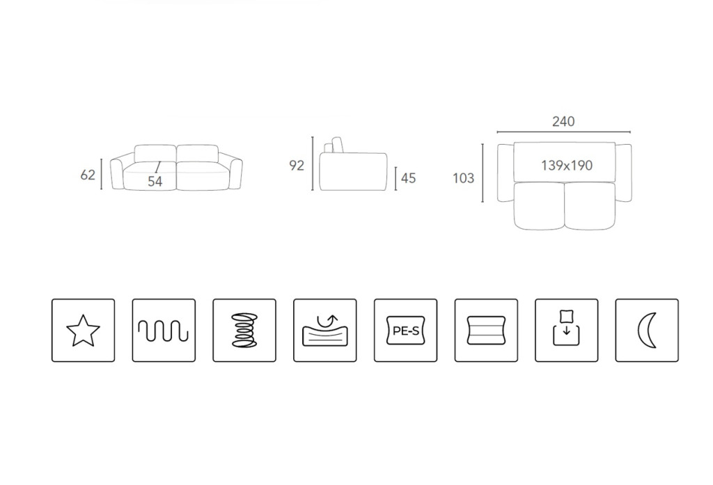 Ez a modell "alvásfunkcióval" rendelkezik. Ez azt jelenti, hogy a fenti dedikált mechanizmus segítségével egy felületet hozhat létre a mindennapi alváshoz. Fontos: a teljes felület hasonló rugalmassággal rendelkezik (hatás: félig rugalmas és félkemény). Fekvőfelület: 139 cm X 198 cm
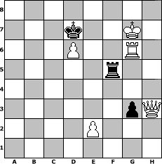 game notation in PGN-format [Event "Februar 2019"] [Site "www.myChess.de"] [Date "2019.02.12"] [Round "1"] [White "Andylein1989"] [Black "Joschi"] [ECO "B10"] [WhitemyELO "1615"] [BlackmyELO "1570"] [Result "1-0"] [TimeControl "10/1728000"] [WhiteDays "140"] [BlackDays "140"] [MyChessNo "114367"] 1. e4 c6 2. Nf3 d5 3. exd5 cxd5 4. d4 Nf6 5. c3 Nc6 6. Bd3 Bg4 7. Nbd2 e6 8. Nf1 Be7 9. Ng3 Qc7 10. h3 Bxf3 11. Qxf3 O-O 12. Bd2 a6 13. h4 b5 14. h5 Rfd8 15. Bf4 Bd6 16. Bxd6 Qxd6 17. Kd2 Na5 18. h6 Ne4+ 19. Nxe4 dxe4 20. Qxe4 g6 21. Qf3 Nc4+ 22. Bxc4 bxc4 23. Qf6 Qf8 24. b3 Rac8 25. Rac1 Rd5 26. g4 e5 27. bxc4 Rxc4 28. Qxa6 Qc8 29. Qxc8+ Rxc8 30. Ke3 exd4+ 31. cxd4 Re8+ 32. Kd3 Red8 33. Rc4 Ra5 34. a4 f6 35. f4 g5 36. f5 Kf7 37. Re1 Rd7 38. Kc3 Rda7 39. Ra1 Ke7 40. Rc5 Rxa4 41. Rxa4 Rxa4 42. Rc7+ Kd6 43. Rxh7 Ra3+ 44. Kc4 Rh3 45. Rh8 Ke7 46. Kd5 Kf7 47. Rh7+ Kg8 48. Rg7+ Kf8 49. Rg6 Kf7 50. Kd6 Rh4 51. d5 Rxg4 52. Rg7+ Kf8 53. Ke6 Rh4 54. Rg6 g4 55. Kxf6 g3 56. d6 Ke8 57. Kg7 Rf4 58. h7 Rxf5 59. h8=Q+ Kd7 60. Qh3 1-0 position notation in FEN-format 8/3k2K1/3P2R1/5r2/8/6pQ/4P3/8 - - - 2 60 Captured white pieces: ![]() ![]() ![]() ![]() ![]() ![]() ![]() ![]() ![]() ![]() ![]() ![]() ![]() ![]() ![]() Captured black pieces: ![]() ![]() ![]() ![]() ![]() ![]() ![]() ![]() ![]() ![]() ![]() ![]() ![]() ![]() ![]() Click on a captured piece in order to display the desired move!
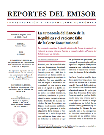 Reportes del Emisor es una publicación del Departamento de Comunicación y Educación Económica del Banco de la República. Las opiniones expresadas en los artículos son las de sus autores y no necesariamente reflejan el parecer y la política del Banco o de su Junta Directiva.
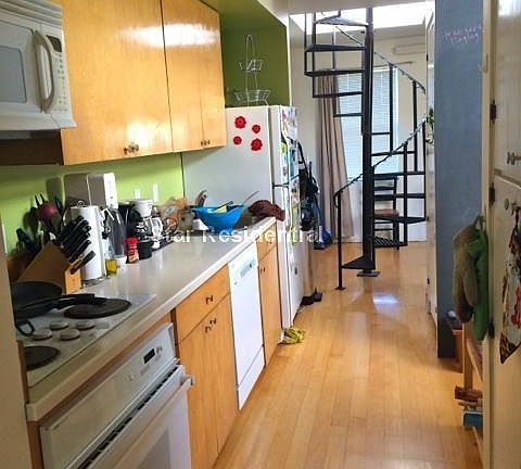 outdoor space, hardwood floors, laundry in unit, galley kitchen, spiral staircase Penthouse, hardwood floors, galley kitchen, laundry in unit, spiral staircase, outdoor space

==*==

WORK TO BE COMPLETED => Your reply should give again exactly the lines from the one with "Reportes del Emisor" through the last line of the data, with both ends included and pictures left out.

ANSWER SPACE =>
 Reportes del Emisor es una publicación del Departamento de Comunicación y Educación Económica del Banco de la República. Las opiniones expresadas en los artículos son las de sus autores y no necesariamente reflejan el parecer y la política del Banco o de su Junta Directiva.
 outdoor space, hardwood floors, laundry in unit, galley kitchen, spiral staircase Penthouse, hardwood floors, galley kitchen, laundry in unit, spiral staircase, outdoor space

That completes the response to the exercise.